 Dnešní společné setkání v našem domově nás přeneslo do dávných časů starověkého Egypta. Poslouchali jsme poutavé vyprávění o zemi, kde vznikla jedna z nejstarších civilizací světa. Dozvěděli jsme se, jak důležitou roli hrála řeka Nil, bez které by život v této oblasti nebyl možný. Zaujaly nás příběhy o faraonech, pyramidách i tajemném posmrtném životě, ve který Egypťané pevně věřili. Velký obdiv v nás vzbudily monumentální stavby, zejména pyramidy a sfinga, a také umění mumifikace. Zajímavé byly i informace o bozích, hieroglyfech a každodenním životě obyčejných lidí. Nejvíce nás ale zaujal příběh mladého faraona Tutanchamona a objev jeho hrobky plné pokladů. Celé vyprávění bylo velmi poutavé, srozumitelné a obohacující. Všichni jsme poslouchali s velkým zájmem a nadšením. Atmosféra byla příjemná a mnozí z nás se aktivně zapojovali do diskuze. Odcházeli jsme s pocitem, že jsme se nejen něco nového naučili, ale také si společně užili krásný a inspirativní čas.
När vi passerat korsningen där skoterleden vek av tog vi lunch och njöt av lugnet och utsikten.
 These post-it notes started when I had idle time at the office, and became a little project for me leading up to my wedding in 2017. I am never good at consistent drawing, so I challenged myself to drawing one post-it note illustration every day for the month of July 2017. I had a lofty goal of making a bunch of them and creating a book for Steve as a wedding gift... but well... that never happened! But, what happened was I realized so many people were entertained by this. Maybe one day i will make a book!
•••••
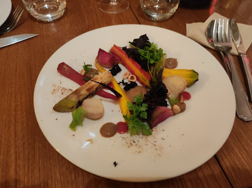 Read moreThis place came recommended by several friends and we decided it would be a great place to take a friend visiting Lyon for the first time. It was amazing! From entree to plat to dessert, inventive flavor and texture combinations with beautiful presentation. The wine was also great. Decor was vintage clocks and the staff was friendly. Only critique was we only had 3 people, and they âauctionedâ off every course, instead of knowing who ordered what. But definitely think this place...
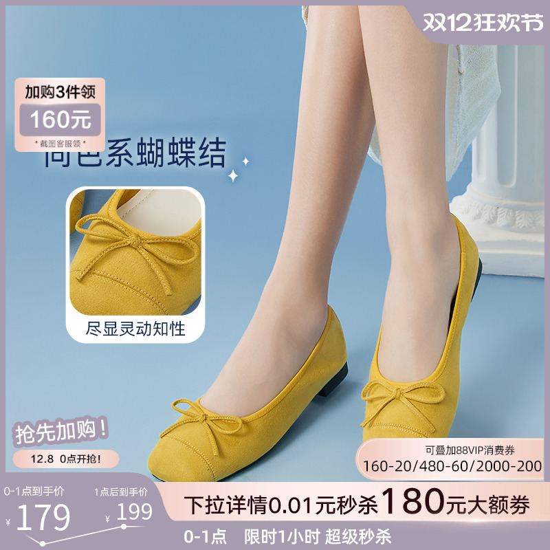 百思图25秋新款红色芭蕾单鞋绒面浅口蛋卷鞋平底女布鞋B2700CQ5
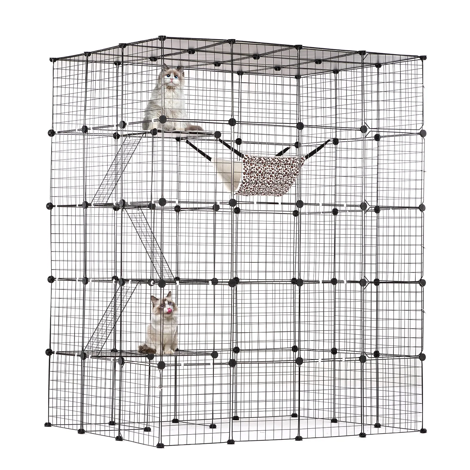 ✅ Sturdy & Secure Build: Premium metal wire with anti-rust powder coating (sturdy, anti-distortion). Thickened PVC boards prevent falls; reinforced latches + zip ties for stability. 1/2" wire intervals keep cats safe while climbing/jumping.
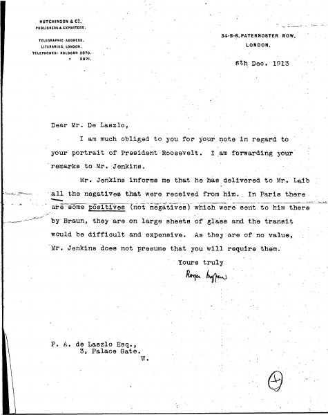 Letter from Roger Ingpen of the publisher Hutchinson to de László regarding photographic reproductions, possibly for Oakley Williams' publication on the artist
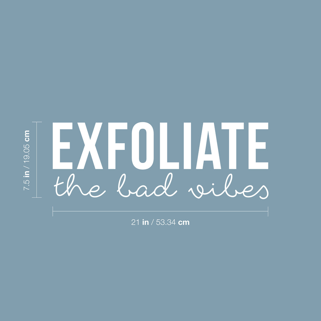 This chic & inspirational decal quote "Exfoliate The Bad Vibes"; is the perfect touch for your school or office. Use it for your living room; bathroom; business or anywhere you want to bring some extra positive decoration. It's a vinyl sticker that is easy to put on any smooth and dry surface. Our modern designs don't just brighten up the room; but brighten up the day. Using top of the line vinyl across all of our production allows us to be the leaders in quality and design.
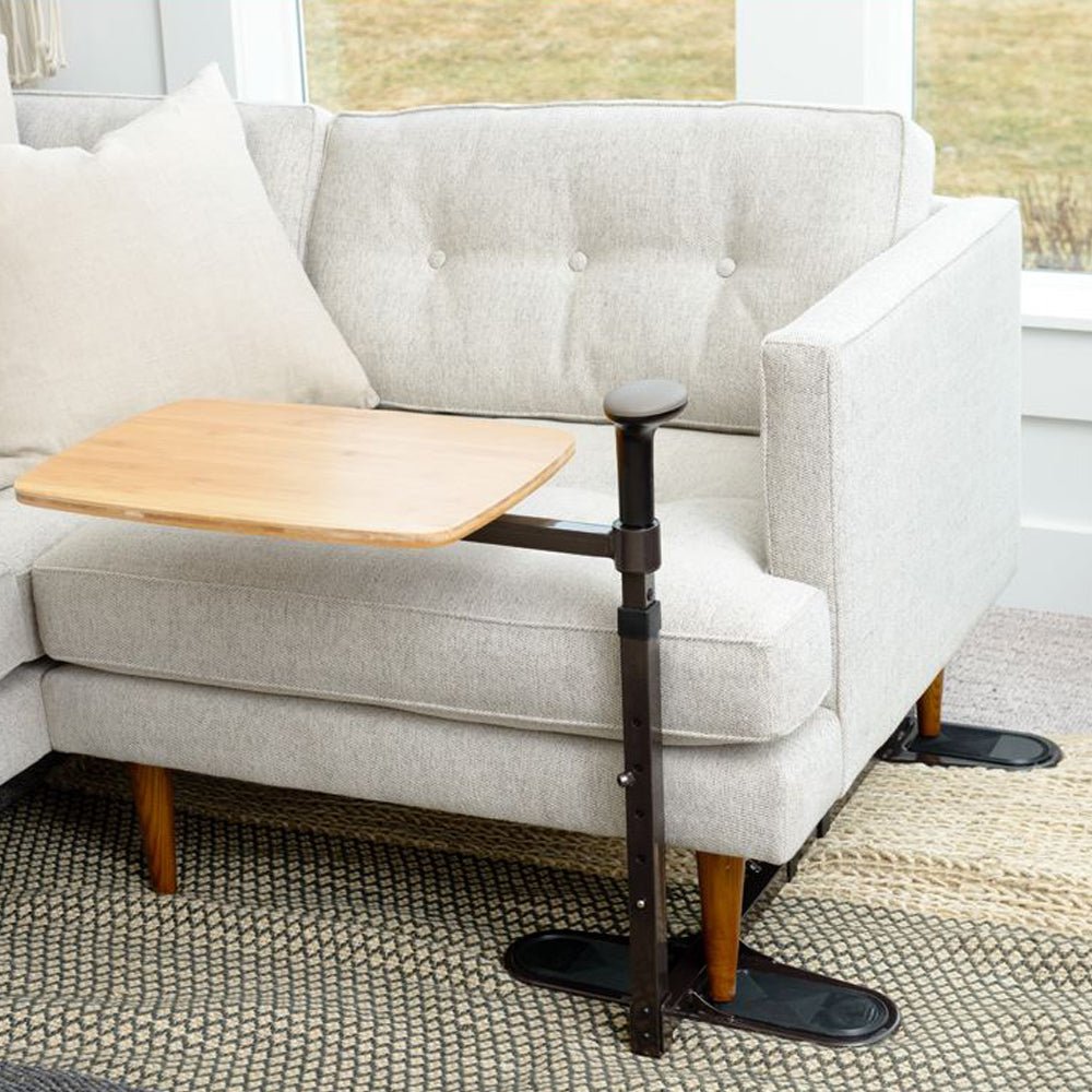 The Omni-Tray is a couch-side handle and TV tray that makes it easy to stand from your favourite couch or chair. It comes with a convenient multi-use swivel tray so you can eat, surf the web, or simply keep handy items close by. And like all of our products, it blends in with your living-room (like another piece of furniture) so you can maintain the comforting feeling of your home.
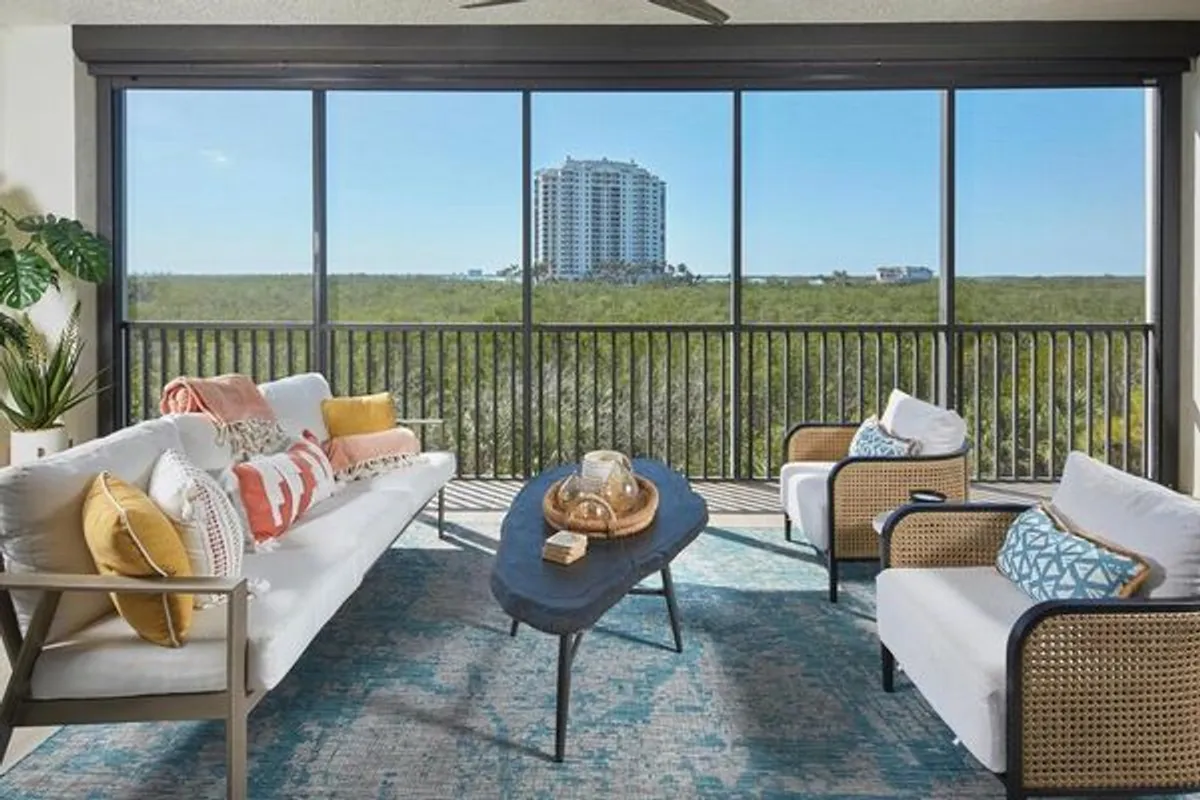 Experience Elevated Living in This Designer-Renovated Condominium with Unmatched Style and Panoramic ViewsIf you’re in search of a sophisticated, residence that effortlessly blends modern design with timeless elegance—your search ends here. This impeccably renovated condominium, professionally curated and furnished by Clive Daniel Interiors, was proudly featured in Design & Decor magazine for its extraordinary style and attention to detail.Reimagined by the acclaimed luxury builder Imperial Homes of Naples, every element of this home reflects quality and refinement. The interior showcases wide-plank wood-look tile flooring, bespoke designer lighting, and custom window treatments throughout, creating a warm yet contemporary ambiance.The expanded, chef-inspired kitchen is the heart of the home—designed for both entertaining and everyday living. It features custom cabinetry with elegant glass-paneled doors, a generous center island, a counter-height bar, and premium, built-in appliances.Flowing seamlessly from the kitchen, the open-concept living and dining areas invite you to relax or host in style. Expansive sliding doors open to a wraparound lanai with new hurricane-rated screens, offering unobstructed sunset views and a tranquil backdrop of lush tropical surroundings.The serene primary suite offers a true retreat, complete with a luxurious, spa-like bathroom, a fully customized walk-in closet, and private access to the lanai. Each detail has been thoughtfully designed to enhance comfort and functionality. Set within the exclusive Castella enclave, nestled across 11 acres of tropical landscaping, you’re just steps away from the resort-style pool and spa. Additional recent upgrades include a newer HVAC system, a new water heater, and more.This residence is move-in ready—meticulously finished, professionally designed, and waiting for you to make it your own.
•••••
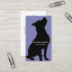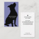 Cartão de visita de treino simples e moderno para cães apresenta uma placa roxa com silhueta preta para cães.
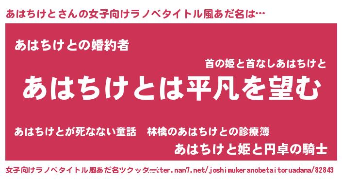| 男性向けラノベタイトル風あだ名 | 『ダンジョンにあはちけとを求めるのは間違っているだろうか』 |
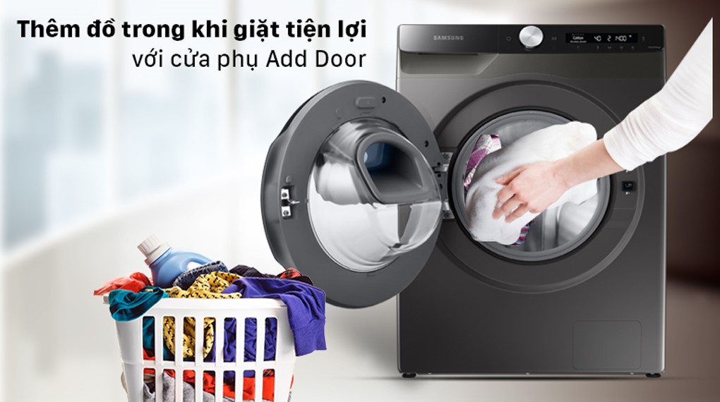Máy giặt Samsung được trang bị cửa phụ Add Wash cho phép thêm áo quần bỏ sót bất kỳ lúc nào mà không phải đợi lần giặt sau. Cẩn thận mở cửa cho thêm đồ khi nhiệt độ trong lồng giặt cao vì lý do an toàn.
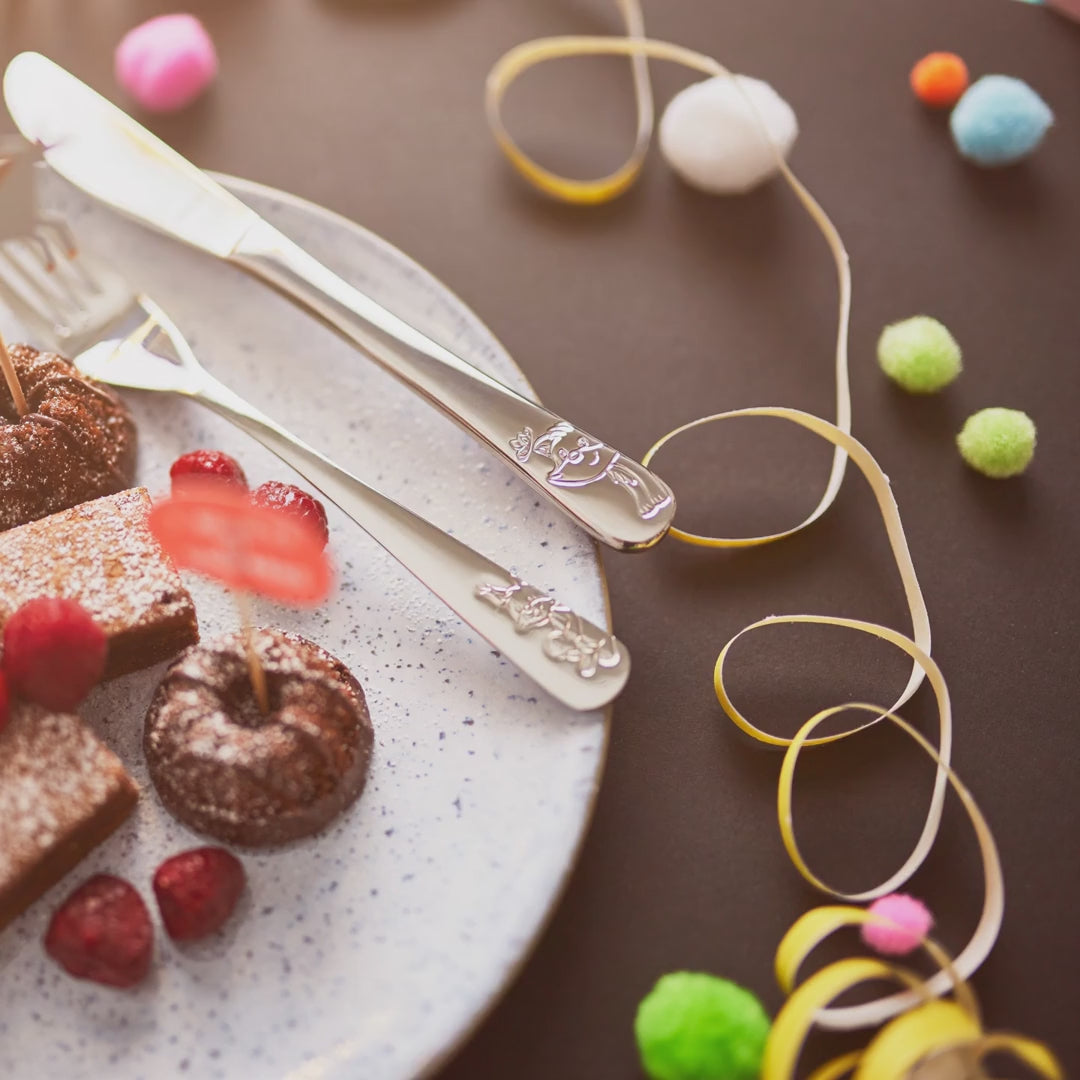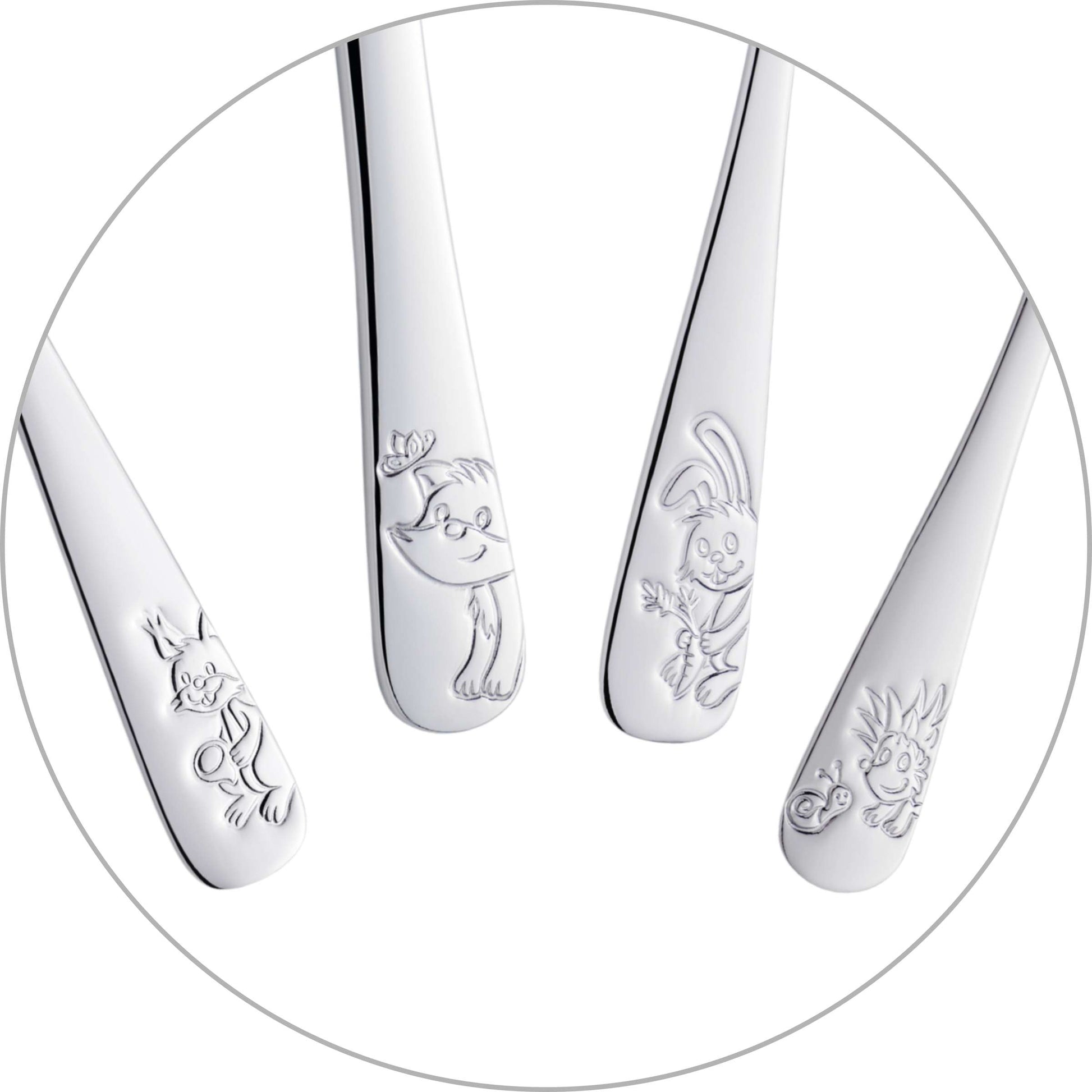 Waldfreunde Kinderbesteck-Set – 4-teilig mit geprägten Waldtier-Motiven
•••••
### Your task
Transcribe the listing above exactly, but only from the line with "Read moreThis place" through the line with "safe while climbing/jumping.". Include both of those lines and omit the pictures.

### Answer for this exercise
 Read moreThis place came recommended by several friends and we decided it would be a great place to take a friend visiting Lyon for the first time. It was amazing! From entree to plat to dessert, inventive flavor and texture combinations with beautiful presentation. The wine was also great. Decor was vintage clocks and the staff was friendly. Only critique was we only had 3 people, and they âauctionedâ off every course, instead of knowing who ordered what. But definitely think this place...
 百思图25秋新款红色芭蕾单鞋绒面浅口蛋卷鞋平底女布鞋B2700CQ5
 ✅ Sturdy & Secure Build: Premium metal wire with anti-rust powder coating (sturdy, anti-distortion). Thickened PVC boards prevent falls; reinforced latches + zip ties for stability. 1/2" wire intervals keep cats safe while climbing/jumping.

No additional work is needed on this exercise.